[EXERCISE OBJECTIVE]: Please return only the lines from the one showing "中國西藏網(wǎng)訊 6" to the end of the entries, keeping both ends and dropping every picture.

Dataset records
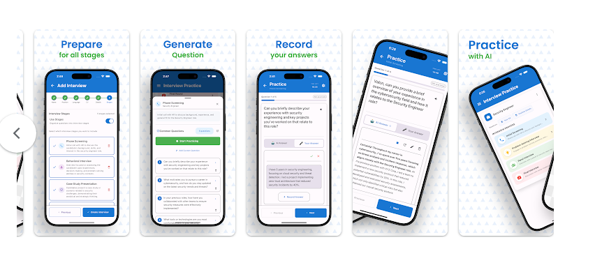 يقدم لك التطبيق الفرصة للتدريب على مراحل المقابلة المختلفة مثل المقابلات التقنية، السلوكية، ومقابلات الموارد البشرية، بالإضافة إلى المرحلة النهائية. كل مرحلة تحتوي على أسئلة مخصصة لها، مما يساعدك على التدرب على كل جزء من المقابلة بشكل منفصل وفي بيئة محاكاة واقعية.
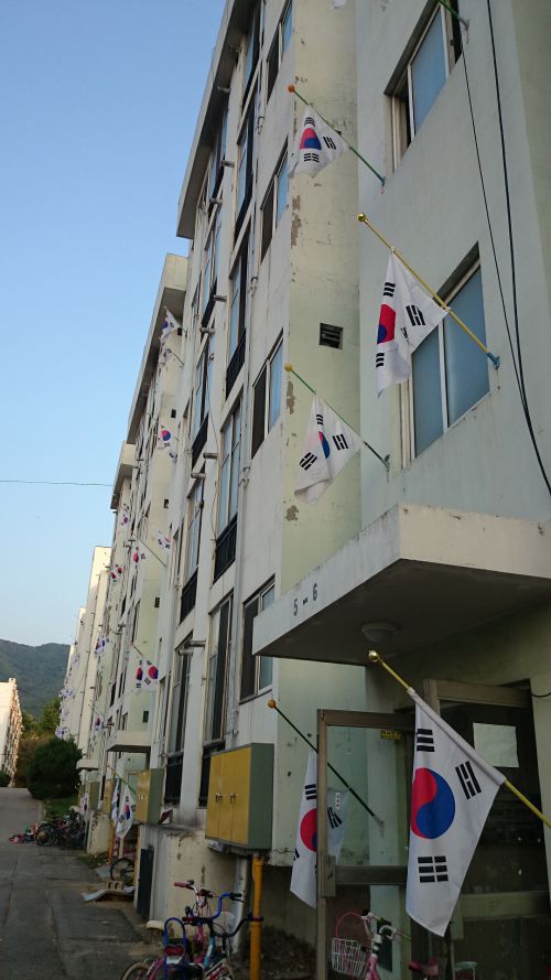 6月6日は亡くなった人を偲ぶ日であるため、国旗掲揚と言っても、弔旗を掲げることになります。ちょうどその6月6日に、ソウル松坡区の職業軍人官舎にお邪魔する用事がありました。国を守るという職業柄、この軍人アパートでは全宅、そしてアパートの入り口ごとに弔旗が掲げられていました。
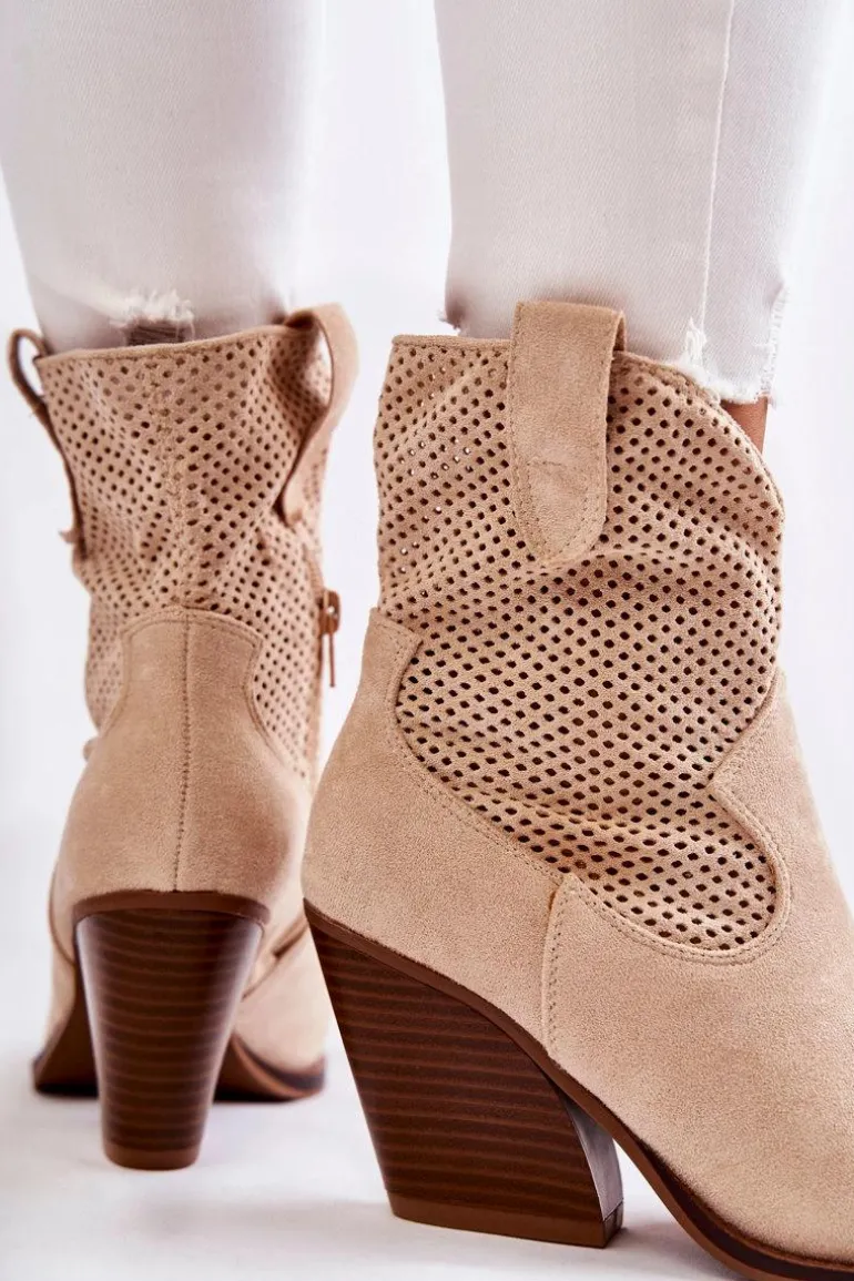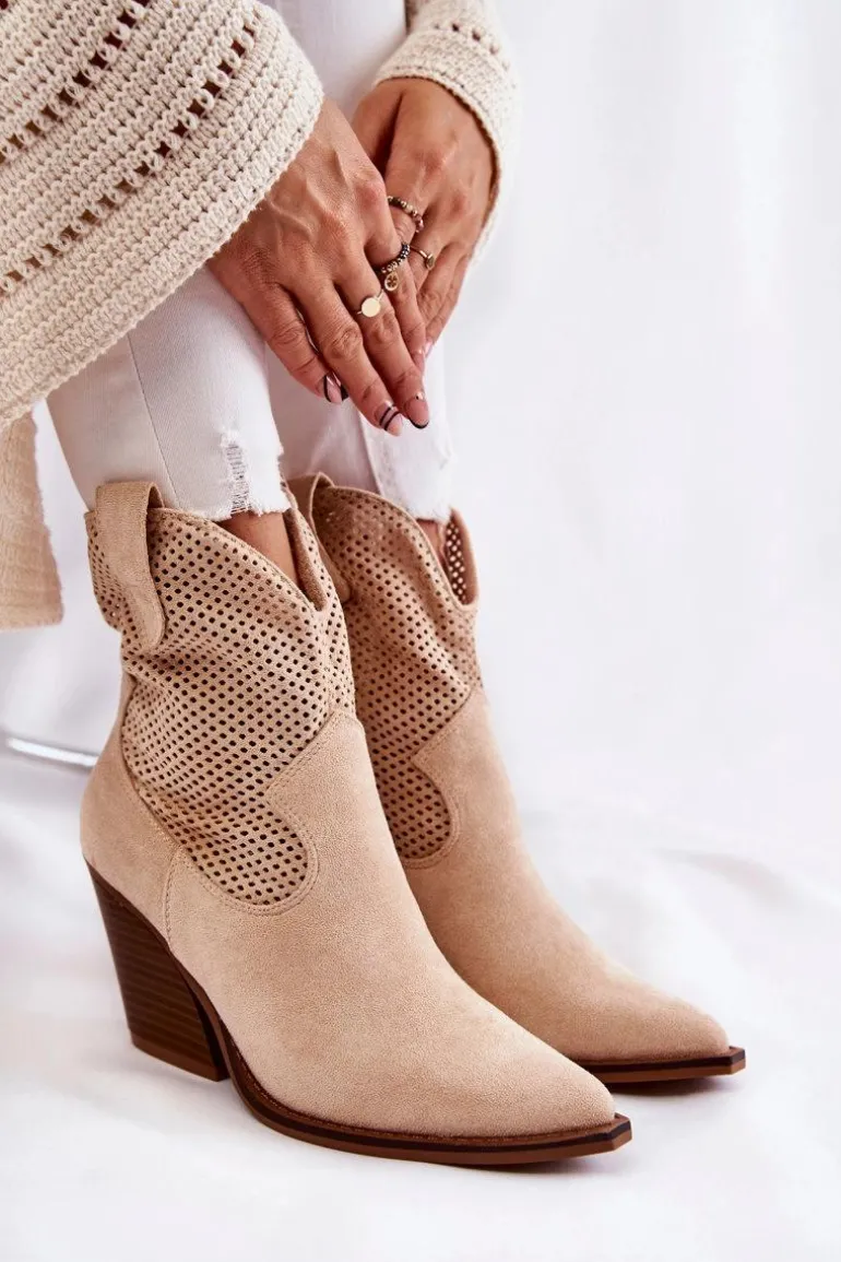 Świetne botki damskie wykonane z eko zamszu w ażurowy wzór. Posiadają usztywniany zapiętek oraz nosek w szpic charakterystyczny dla fasonu kowbojek. Model wsuwany z dodatkowym suwakiem z boku cholewki. Osadzone na masywnym obcasie w postaci ściętego słupka. Botki te to idealny model na sezon przejściowy. Świetnie będą prezentować się w wielu stylizacjach. Przy wyborze rozmiaru prosimy sugerować się tabelą rozmiarów.
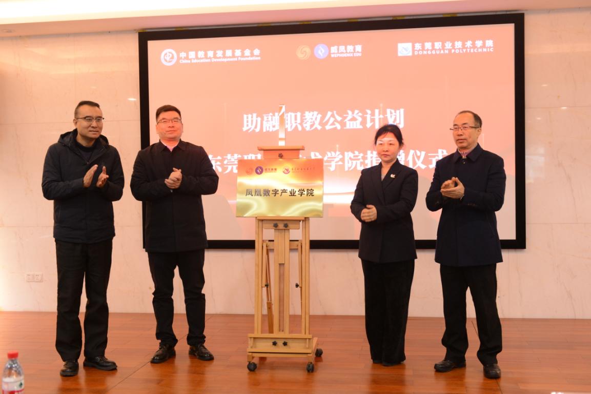 在众人的见证下,郭功涛代表威凤教育向太阳成集团tyc122ccvip官网入口捐赠实训设备;贺定修代表公司向威凤教育颁发捐赠证书和感谢牌。王蕊、郭功涛、贺定修、刘海光共同为凤凰数字产业公司成立揭牌。
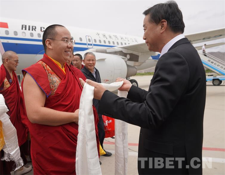 中國西藏網(wǎng)訊 6月的拉薩天藍(lán)如鏡、白云朵朵,沐浴在日光下的拉薩溫暖和煦。6月11日,全國政協(xié)常委、中國佛教協(xié)會(huì)副會(huì)長班禪額爾德尼o確吉杰布乘機(jī)抵達(dá)拉薩。
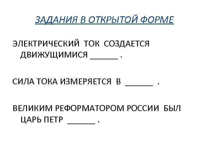ЗАДАНИЯ В ОТКРЫТОЙ ФОРМЕ ЭЛЕКТРИЧЕСКИЙ ТОК СОЗДАЕТСЯ ДВИЖУЩИМИСЯ ______. СИЛА ТОКА ИЗМЕРЯЕТСЯ В ______ . ВЕЛИКИМ РЕФОРМАТОРОМ РОССИИ БЫЛ ЦАРЬ ПЕТР ______.
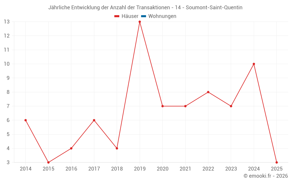 Der Durchschnittspreis auf den 15 Hausgeschäften der letzten 24 Monate in der Gemeinde Soumont-Saint-Quentin betrug 1 655 € pro Quadratmeter für einen mittleren Immobilienwert von 160 000 €. Über diesen Zeitraum hinweg lagen 60% der Transaktionen zwischen 508 und 2 174 € pro Quadratmeter (vom 2. bis zum 8. Dezil).
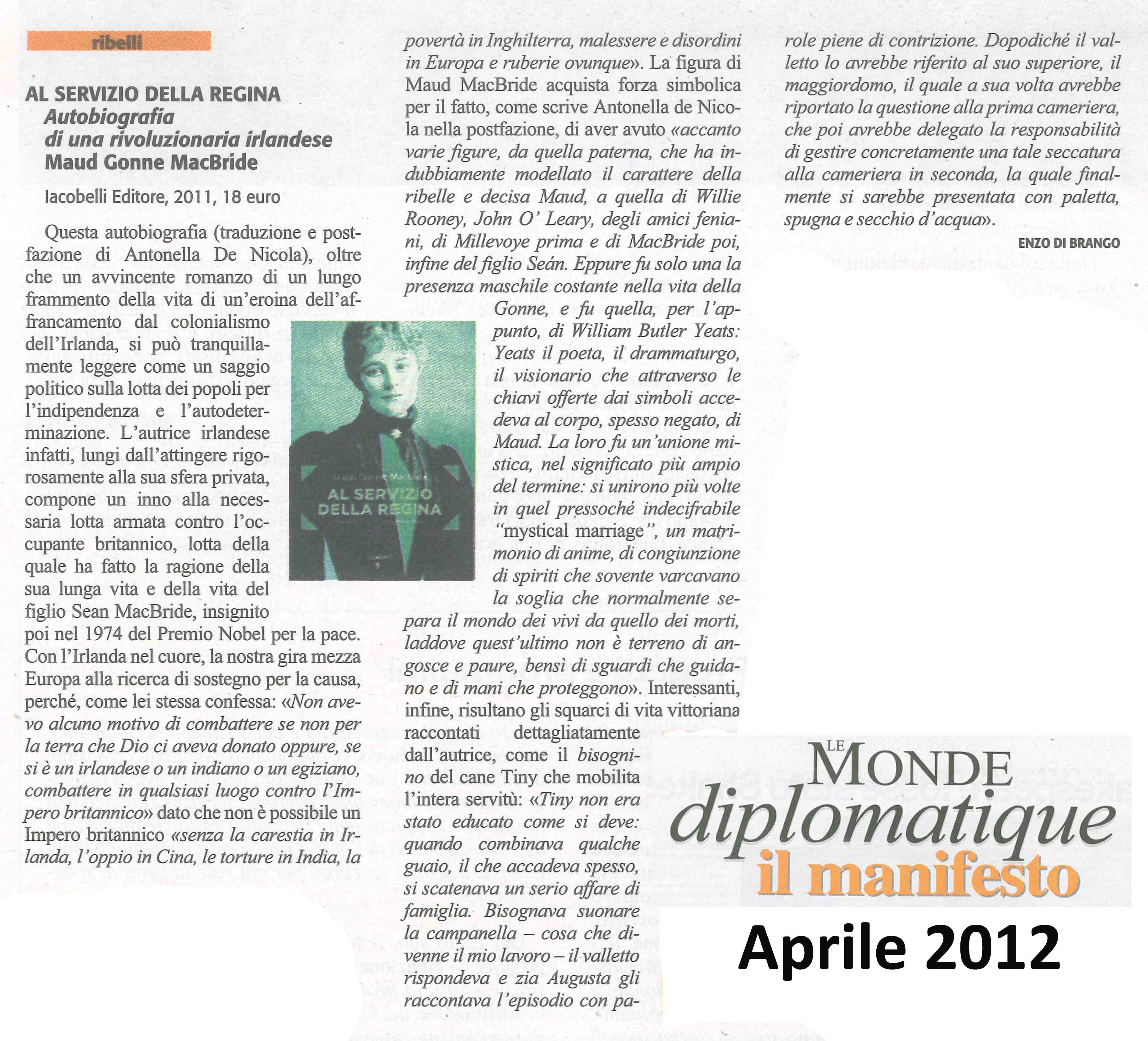 | Al servizio della regina | Maude Gonne Mc Bride | 2012 | Autobiografie |

[ANSWER TO THE EXERCISE]:
 中國西藏網(wǎng)訊 6月的拉薩天藍(lán)如鏡、白云朵朵,沐浴在日光下的拉薩溫暖和煦。6月11日,全國政協(xié)常委、中國佛教協(xié)會(huì)副會(huì)長班禪額爾德尼o確吉杰布乘機(jī)抵達(dá)拉薩。
ЗАДАНИЯ В ОТКРЫТОЙ ФОРМЕ ЭЛЕКТРИЧЕСКИЙ ТОК СОЗДАЕТСЯ ДВИЖУЩИМИСЯ ______. СИЛА ТОКА ИЗМЕРЯЕТСЯ В ______ . ВЕЛИКИМ РЕФОРМАТОРОМ РОССИИ БЫЛ ЦАРЬ ПЕТР ______.
 Der Durchschnittspreis auf den 15 Hausgeschäften der letzten 24 Monate in der Gemeinde Soumont-Saint-Quentin betrug 1 655 € pro Quadratmeter für einen mittleren Immobilienwert von 160 000 €. Über diesen Zeitraum hinweg lagen 60% der Transaktionen zwischen 508 und 2 174 € pro Quadratmeter (vom 2. bis zum 8. Dezil).
 | Al servizio della regina | Maude Gonne Mc Bride | 2012 | Autobiografie |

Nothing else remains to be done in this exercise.